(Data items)
☆ ☆ ☆ ☆ ☆ ☆ ☆

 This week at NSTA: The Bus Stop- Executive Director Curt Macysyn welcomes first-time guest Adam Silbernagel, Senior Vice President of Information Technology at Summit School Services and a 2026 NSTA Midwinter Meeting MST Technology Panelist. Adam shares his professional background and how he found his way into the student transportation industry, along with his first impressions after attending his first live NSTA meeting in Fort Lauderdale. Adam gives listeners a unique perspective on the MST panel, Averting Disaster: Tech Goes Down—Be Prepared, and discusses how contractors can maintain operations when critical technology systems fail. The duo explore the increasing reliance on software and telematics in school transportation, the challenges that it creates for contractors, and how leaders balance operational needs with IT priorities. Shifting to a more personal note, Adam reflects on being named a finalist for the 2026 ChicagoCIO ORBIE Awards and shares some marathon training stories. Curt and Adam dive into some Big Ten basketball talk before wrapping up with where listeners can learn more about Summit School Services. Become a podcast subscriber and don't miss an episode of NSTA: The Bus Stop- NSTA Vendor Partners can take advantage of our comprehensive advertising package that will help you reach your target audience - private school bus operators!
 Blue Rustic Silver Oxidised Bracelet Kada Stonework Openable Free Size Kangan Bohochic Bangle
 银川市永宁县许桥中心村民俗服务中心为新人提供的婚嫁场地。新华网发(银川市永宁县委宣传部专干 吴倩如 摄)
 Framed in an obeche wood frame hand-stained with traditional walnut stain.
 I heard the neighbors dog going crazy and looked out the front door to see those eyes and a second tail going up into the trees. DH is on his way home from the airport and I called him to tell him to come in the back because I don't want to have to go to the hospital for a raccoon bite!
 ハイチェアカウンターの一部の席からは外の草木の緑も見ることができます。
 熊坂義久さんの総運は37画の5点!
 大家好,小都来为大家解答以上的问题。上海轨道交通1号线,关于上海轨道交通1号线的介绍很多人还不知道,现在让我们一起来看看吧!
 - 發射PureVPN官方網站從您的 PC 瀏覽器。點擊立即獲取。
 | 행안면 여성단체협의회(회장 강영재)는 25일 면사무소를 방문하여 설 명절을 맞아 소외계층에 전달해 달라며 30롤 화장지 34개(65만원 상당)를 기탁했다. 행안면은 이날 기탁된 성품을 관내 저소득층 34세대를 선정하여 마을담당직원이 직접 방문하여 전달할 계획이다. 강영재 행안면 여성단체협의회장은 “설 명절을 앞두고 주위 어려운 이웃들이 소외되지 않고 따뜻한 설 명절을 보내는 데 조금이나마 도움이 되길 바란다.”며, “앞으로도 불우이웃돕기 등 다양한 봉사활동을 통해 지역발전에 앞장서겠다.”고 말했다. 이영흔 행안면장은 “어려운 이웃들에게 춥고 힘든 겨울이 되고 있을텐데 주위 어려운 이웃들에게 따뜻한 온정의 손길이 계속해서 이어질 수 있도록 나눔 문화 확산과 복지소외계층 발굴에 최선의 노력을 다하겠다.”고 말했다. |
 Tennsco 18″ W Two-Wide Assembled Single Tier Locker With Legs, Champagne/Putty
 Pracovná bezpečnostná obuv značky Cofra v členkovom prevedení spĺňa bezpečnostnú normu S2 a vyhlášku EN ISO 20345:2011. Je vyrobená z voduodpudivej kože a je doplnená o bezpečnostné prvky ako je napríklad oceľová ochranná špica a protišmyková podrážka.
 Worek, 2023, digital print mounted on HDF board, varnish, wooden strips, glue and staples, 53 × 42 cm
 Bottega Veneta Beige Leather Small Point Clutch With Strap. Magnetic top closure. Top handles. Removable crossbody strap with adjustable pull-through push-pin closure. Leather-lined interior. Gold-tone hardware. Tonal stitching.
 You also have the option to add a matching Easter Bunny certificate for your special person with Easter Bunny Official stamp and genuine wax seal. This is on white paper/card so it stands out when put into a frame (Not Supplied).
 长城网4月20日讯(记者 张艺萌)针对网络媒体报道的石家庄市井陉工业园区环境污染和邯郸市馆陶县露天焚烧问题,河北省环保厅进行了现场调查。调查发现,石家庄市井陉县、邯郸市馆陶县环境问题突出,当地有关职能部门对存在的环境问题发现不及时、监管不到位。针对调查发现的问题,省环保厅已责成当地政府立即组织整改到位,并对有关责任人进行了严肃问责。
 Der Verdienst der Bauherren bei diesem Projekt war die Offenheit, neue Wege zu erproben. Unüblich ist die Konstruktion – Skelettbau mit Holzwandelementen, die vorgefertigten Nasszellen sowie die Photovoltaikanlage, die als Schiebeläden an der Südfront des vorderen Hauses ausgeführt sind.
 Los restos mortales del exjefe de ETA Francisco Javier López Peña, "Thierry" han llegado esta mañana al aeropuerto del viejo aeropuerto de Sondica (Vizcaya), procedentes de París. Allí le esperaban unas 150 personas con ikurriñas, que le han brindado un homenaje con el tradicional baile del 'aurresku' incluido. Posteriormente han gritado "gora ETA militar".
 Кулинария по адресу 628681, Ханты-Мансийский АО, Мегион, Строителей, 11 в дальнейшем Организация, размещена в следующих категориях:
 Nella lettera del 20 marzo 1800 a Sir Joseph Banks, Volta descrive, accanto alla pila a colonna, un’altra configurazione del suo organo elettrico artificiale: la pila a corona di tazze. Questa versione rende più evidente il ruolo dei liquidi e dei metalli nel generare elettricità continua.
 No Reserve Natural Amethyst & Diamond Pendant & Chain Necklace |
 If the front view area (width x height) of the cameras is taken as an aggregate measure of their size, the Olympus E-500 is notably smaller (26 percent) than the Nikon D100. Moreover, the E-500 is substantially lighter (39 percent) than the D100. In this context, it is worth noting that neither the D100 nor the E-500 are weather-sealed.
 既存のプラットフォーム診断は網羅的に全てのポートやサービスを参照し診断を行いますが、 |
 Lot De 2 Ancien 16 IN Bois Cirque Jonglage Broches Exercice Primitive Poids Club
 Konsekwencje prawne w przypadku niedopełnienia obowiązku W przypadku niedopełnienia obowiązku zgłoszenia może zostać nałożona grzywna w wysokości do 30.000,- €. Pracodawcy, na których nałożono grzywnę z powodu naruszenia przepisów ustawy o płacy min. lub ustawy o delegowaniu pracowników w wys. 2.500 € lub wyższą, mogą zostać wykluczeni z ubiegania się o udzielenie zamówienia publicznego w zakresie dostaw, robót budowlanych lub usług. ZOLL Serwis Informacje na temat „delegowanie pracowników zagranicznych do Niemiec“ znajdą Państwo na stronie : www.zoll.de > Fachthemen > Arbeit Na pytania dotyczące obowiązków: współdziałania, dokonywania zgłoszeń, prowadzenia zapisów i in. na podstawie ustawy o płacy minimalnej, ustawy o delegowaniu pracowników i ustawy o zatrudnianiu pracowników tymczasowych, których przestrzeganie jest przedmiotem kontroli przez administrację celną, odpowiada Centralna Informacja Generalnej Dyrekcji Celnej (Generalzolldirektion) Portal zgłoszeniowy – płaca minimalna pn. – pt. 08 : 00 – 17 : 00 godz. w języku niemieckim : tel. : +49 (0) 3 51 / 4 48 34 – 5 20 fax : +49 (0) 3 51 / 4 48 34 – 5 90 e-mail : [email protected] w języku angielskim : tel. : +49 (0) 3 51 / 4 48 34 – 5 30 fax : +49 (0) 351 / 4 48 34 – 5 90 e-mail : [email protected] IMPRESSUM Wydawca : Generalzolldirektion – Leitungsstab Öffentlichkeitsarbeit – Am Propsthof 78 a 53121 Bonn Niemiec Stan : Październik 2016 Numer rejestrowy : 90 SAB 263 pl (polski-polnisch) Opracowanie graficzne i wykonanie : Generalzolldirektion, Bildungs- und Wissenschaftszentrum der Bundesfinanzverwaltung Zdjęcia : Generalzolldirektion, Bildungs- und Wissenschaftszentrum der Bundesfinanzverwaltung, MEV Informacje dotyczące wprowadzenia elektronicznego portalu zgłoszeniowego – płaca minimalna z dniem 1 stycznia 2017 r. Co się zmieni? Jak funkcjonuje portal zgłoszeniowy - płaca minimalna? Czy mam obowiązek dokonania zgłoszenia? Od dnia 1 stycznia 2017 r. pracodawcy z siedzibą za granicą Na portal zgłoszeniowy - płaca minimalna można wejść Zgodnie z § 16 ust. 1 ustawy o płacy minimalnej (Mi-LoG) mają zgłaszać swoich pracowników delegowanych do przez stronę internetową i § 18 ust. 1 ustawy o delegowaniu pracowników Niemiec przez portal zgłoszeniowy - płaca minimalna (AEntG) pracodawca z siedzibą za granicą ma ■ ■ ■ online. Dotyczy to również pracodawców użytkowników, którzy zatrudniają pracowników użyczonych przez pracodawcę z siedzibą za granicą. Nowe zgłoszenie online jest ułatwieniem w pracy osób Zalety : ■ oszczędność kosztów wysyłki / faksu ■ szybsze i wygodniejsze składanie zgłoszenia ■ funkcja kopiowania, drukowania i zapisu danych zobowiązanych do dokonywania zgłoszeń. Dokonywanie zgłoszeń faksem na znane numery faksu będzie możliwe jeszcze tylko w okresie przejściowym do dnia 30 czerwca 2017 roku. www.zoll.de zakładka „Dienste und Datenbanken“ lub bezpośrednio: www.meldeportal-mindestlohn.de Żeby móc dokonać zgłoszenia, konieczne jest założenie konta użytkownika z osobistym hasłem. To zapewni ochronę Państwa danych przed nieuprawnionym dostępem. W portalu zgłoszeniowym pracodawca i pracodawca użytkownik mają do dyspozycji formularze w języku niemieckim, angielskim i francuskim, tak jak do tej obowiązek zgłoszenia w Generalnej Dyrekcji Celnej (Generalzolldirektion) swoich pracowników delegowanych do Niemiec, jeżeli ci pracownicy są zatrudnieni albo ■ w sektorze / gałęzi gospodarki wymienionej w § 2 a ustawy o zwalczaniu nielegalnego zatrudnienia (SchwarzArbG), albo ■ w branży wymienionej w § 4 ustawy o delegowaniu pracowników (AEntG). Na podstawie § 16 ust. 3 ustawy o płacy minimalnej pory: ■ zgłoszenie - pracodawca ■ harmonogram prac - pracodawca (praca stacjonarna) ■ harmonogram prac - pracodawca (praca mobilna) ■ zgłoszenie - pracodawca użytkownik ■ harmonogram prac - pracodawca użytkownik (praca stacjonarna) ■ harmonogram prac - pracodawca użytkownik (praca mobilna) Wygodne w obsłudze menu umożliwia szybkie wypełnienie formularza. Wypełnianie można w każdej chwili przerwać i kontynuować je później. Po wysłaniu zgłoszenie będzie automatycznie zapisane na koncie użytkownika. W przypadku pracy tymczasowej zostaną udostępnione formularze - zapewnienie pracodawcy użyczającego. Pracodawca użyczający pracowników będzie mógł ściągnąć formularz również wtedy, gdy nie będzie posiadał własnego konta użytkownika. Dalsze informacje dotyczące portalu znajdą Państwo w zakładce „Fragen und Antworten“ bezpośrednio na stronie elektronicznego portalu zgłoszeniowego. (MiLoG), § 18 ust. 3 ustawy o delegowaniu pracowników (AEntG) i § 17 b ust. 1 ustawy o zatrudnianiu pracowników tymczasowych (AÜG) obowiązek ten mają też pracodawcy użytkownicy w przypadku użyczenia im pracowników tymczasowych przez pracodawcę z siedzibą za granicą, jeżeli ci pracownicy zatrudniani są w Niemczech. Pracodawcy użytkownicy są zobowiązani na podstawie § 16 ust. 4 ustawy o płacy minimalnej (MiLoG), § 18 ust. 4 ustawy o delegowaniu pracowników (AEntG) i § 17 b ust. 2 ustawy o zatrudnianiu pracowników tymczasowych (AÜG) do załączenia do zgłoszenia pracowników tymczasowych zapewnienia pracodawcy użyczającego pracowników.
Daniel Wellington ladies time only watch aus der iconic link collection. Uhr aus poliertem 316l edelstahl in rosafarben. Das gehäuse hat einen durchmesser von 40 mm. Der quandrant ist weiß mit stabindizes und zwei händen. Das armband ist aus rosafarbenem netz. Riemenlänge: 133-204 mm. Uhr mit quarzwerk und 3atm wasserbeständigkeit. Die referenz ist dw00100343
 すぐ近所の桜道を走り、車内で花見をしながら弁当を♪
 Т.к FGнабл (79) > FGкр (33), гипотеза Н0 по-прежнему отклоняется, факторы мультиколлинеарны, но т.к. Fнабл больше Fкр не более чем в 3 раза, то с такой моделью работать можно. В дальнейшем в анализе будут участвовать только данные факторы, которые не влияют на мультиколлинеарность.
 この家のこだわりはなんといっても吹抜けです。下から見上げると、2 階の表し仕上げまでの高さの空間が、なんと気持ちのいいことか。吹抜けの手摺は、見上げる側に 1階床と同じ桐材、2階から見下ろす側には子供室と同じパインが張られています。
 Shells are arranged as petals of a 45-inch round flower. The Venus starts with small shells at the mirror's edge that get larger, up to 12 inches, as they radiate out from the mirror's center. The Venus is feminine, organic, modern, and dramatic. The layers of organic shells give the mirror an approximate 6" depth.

☆ ☆ ☆ ☆ ☆ ☆ ☆

__PROBLEM__.
Restate word for word the entries above, starting at the line with "熊坂義久さんの総運は37画の5点!" and ending at the line with "Tennsco 18″ W", inclusive, and no others.

__RESULT__.
 熊坂義久さんの総運は37画の5点!
 大家好,小都来为大家解答以上的问题。上海轨道交通1号线,关于上海轨道交通1号线的介绍很多人还不知道,现在让我们一起来看看吧!
 - 發射PureVPN官方網站從您的 PC 瀏覽器。點擊立即獲取。
 | 행안면 여성단체협의회(회장 강영재)는 25일 면사무소를 방문하여 설 명절을 맞아 소외계층에 전달해 달라며 30롤 화장지 34개(65만원 상당)를 기탁했다. 행안면은 이날 기탁된 성품을 관내 저소득층 34세대를 선정하여 마을담당직원이 직접 방문하여 전달할 계획이다. 강영재 행안면 여성단체협의회장은 “설 명절을 앞두고 주위 어려운 이웃들이 소외되지 않고 따뜻한 설 명절을 보내는 데 조금이나마 도움이 되길 바란다.”며, “앞으로도 불우이웃돕기 등 다양한 봉사활동을 통해 지역발전에 앞장서겠다.”고 말했다. 이영흔 행안면장은 “어려운 이웃들에게 춥고 힘든 겨울이 되고 있을텐데 주위 어려운 이웃들에게 따뜻한 온정의 손길이 계속해서 이어질 수 있도록 나눔 문화 확산과 복지소외계층 발굴에 최선의 노력을 다하겠다.”고 말했다. |
 Tennsco 18″ W Two-Wide Assembled Single Tier Locker With Legs, Champagne/Putty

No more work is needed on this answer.